DIRECTIONS ▸ Could you output exactly the lines running from the one containing "Here is a Bachmann" to the final line of the listing below, leaving out pictures?
*** DATA PROVIDED Section Begins ***
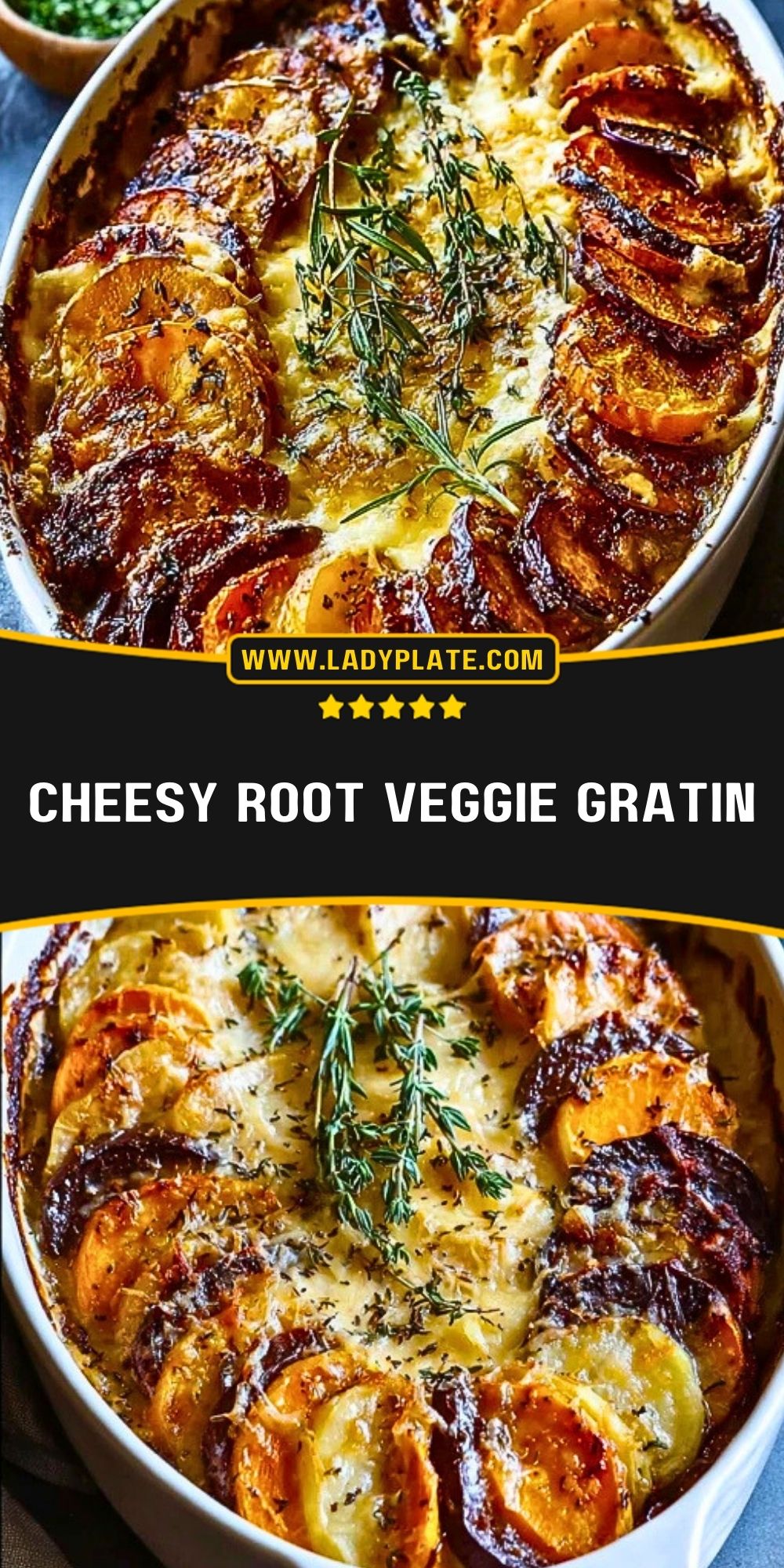 Keywords: root veggie gratin, cheesy casserole, vegetable bake
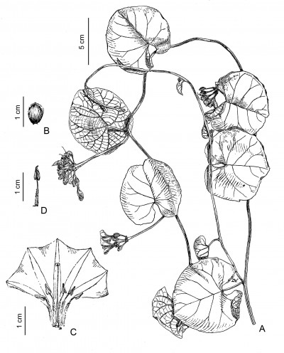 Plantas volubles; tallos estriados, glabros o cortamente pubescentes. Hojas enteras, oblongas u ovadas, de 4-15 × 1-8 cm, acuminadas, base cordada, truncada o hastada, envés con pubescencia esparcida o densa, haz glabra o glabrescente. Inflorescencias umbeliformes pauci- a multifloras; pedúnculos pubescentes de 1-7 cm de largo; brácteas florales lanceoladas, caducas. Flores con sépalos subiguales, elíptcos u orbiculares, de 5-8 mm de largo, cóncavos, ápice emarginado, glabros o con pelos esparcidos, los internos con bordes escariosos; corola acampanada, amarilla, glabra, ca. 3,5 cm de largo, áreas mesopétalas con bandas oscuras; ovario glabro o algo piloso en el ápice, 2-locular. Cápsula ovoidea, glabra o pubescente en el ápice, 2-locular, 4-valvada, de 8 mm de diám. Semillas ca. 5,5 mm de diámetro, pardas, densamente pubescentes, con pelos más largos y patentes en los bordes.
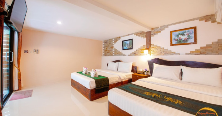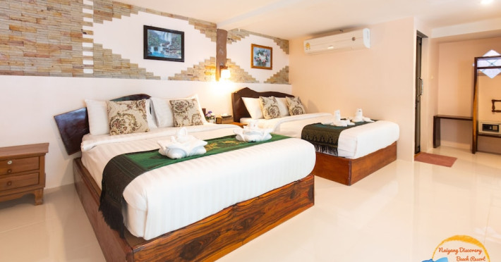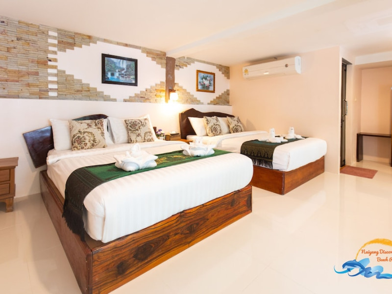 Located on Nai Yang Beach in Sa Khu, Naiyang Discovery Beach Resort offers air-conditioned rooms with refrigerators and flat-screen TVs. Guests enjoy complimentary Wi-Fi, private bathrooms with showers and toiletries, and daily housekeeping. The resort features a restaurant, terrace, tour/ticket assistance, laundry services, and luggage storage. Additional amenities include a 24-hour front desk and free parking. The resort is located close to Phuket International Airport. Rooms are equipped with safes and desks. The Naiyang Discovery Beach Resort is a hotel.
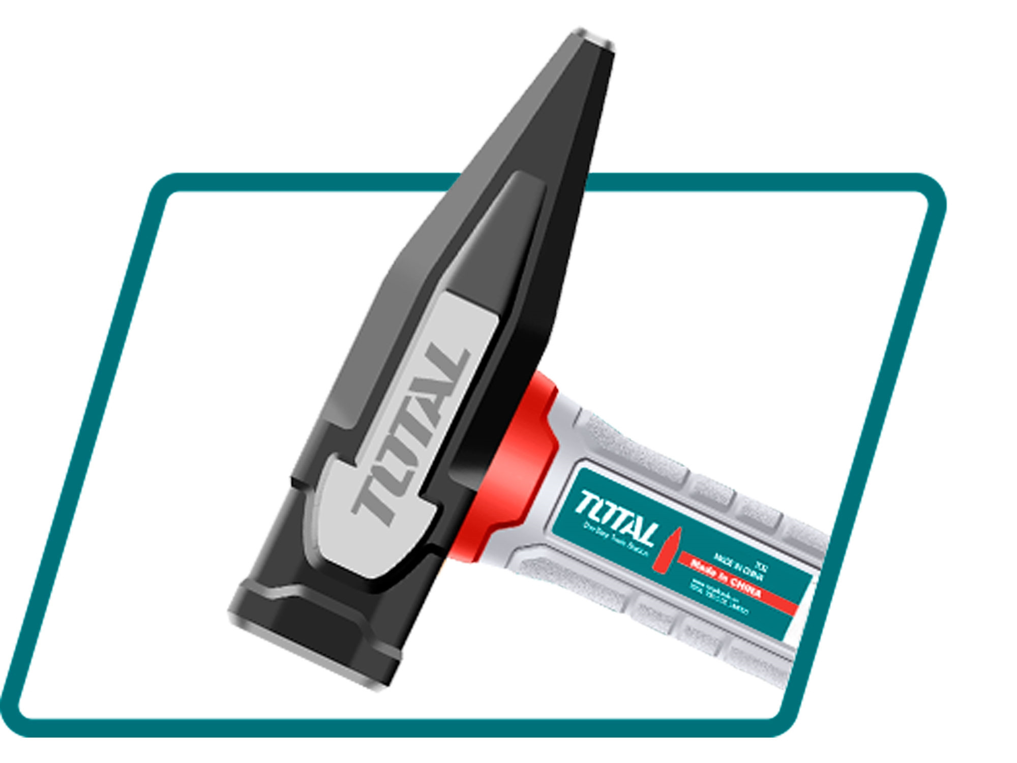 Inovovaná zápustkově kovaná hlava kladiva. Tepelné zpracování, 45# uhlíková ocel. Silná tříbarevná sklolaminátová rukojeť pro pohodlný úchop.
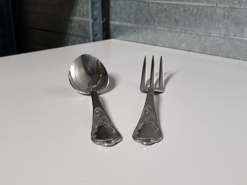 In mooie staat, kan in de vaatwasser, lengte vork en lepel is 24,5 cm
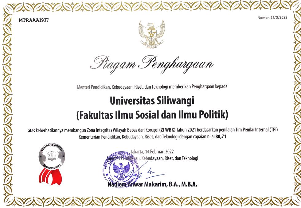 9. Apa manfaatnya FISIP Universitas Siliwangi (Unsil) dicanangkan menjadi zona integritas?
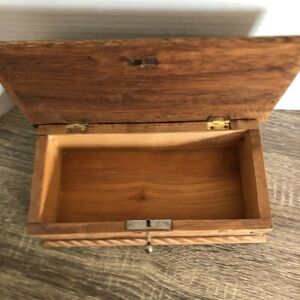 Beautiful hand carved wooden treasure box with intricate eagles design. Perfect for storing small treasures. Key locks and unlocks well, no resistance.
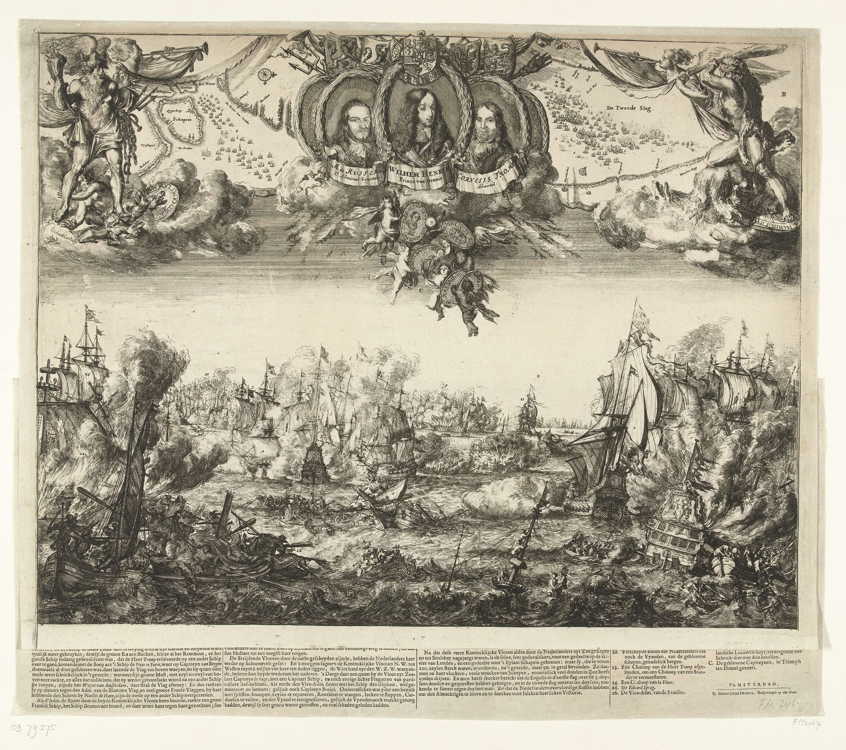 De twee zeeslagen voor de Zeeuwse kust op de vlakte van Schoonevelt op 7 juni en 14 juni 1673. Grote voorstelling van de slagen tussen de vloot van de Republiek onder Michiel Adriaenszoon de Ruyter en de gecombineerde Engels-Franse vloot onder Prins Rupert en graaf Jean d'Estrées. Bovenaan medaillons met portretten van Willem III, Michiel ...
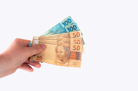 Hand holding Brazil's official money. Brazilian Real banknotes
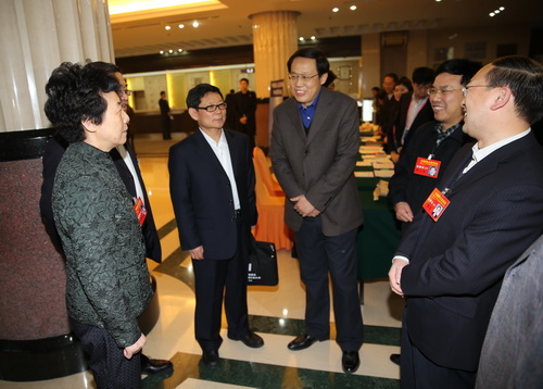 12月14日上午,嚴(yán)雋琪主席來(lái)到簽到處,與前來(lái)報(bào)到的代表親切交談。
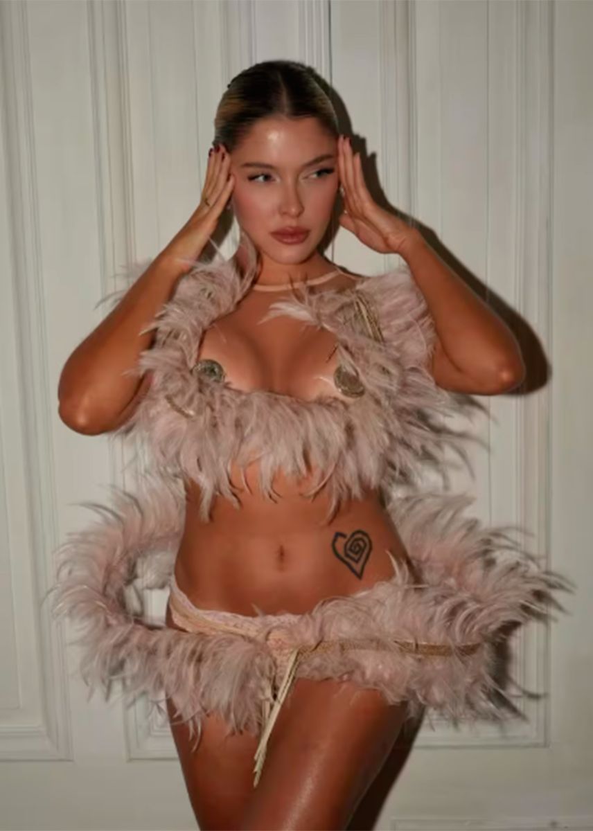El outfit incluyó un top mínimo con apliques metálicos y un recubrimiento de plumas que caía sobre los hombros a modo de capa. En la parte inferior, lució una prenda de encaje en la misma paleta, complementada con un accesorio tipo cinturón con plumas y tiras finas que aportaron volumen y movimiento.
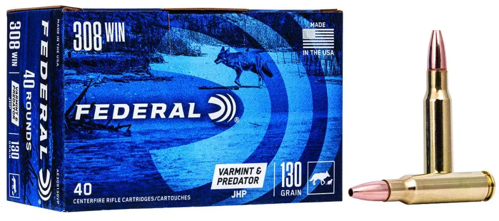 Federal AE308130VP American Eagle Varmint & Predator 308 Win 130 gr Jacketed Hollow Point (JHP) 40 Bx/ 5 Cs
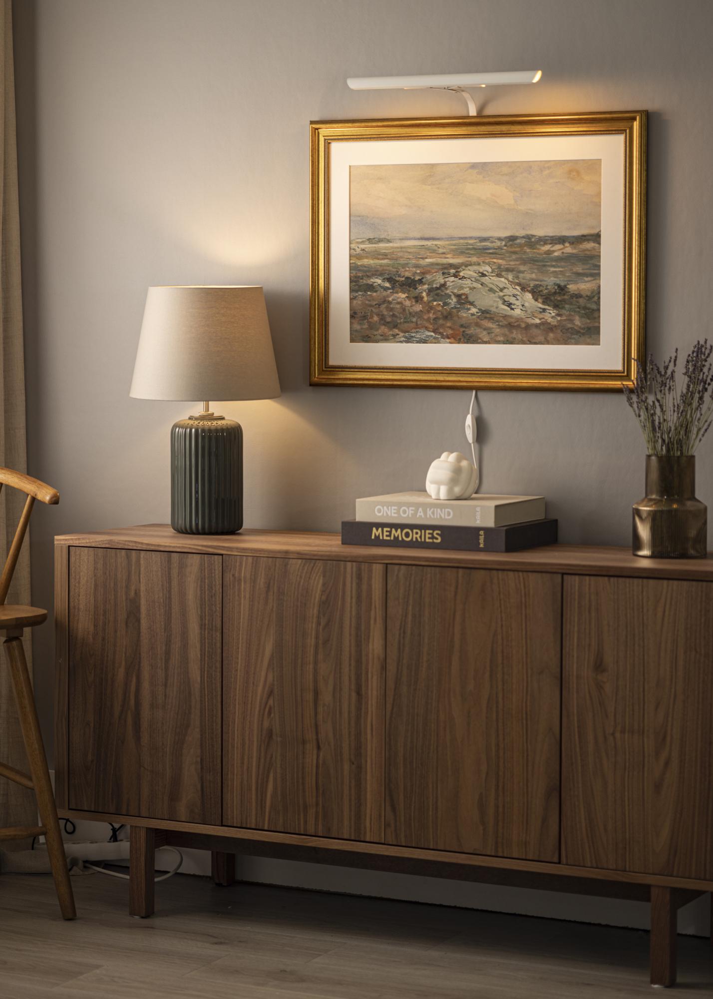 Uno 2 es una elegante iluminación para cuadros diseñada y fabricada en Suecia. Una opción perfecta para tus imágenes que te gustan especialmente y en las que quieres tener un enfoque garantizado. El tono de color de la iluminación para cuadros en latón antiguo tiene pátinas que le dan un hermoso aspecto "desgastado". ¡Un encantador detalle de decoración que realza tus imágenes!
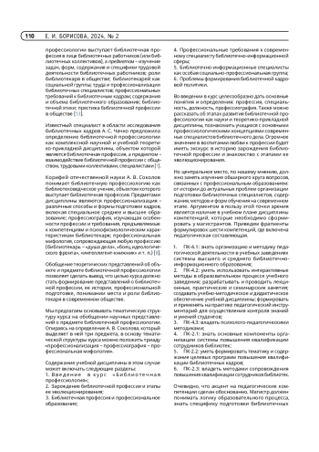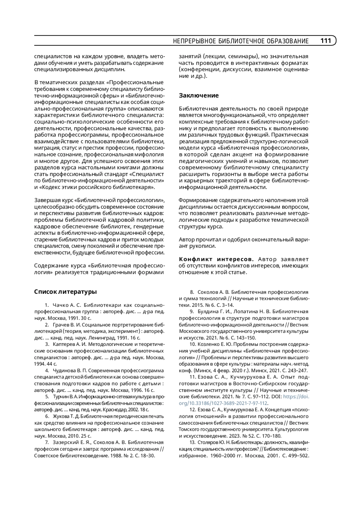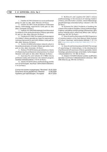 9. Булдина Г. И., Лопатина Н. В. Библиотечная профессиология в структуре подготовки магистров библиотечно-информационной деятельности // Вестник Московского государственного университета культуры и искусств. 2021. № 6. С. 143-150.
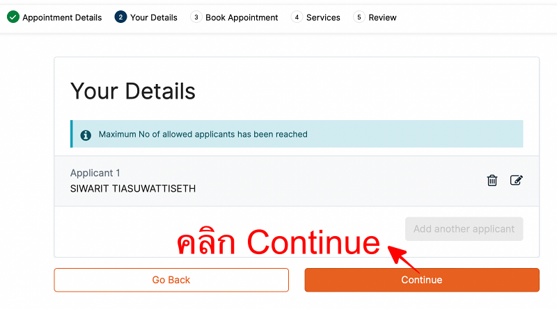 - ตรวจสอบข้อมูล หากต้องการเพิ่มผู้สมัครที่จะยื่นในคราวเดียวกัน เพิ่มได้ที่นั้นตอนนี้ เรียบร้อยแล้วกด Continue
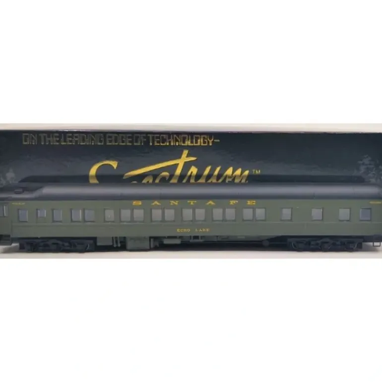 Here is a Bachmann Spectrum 89147 Santa Fe “Echo Lake” Heavyweight Pullman Passenger Car. Features include plastic trucks, detailed interior with lights, knuckle couplers, and it measures approximately 11 inches long.
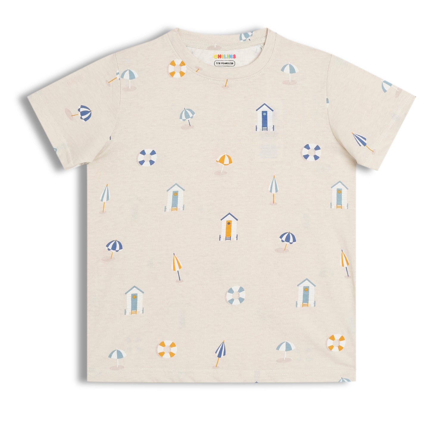 CHILINS Kids Pure Cotton Printed T-Shirt & Pyjama Set | Cream Comfort Nightwear Set
*** DATA PROVIDED Section Ends ***
OUTPUT FOR THIS EXERCISE ▸
 Here is a Bachmann Spectrum 89147 Santa Fe “Echo Lake” Heavyweight Pullman Passenger Car. Features include plastic trucks, detailed interior with lights, knuckle couplers, and it measures approximately 11 inches long.
 CHILINS Kids Pure Cotton Printed T-Shirt & Pyjama Set | Cream Comfort Nightwear Set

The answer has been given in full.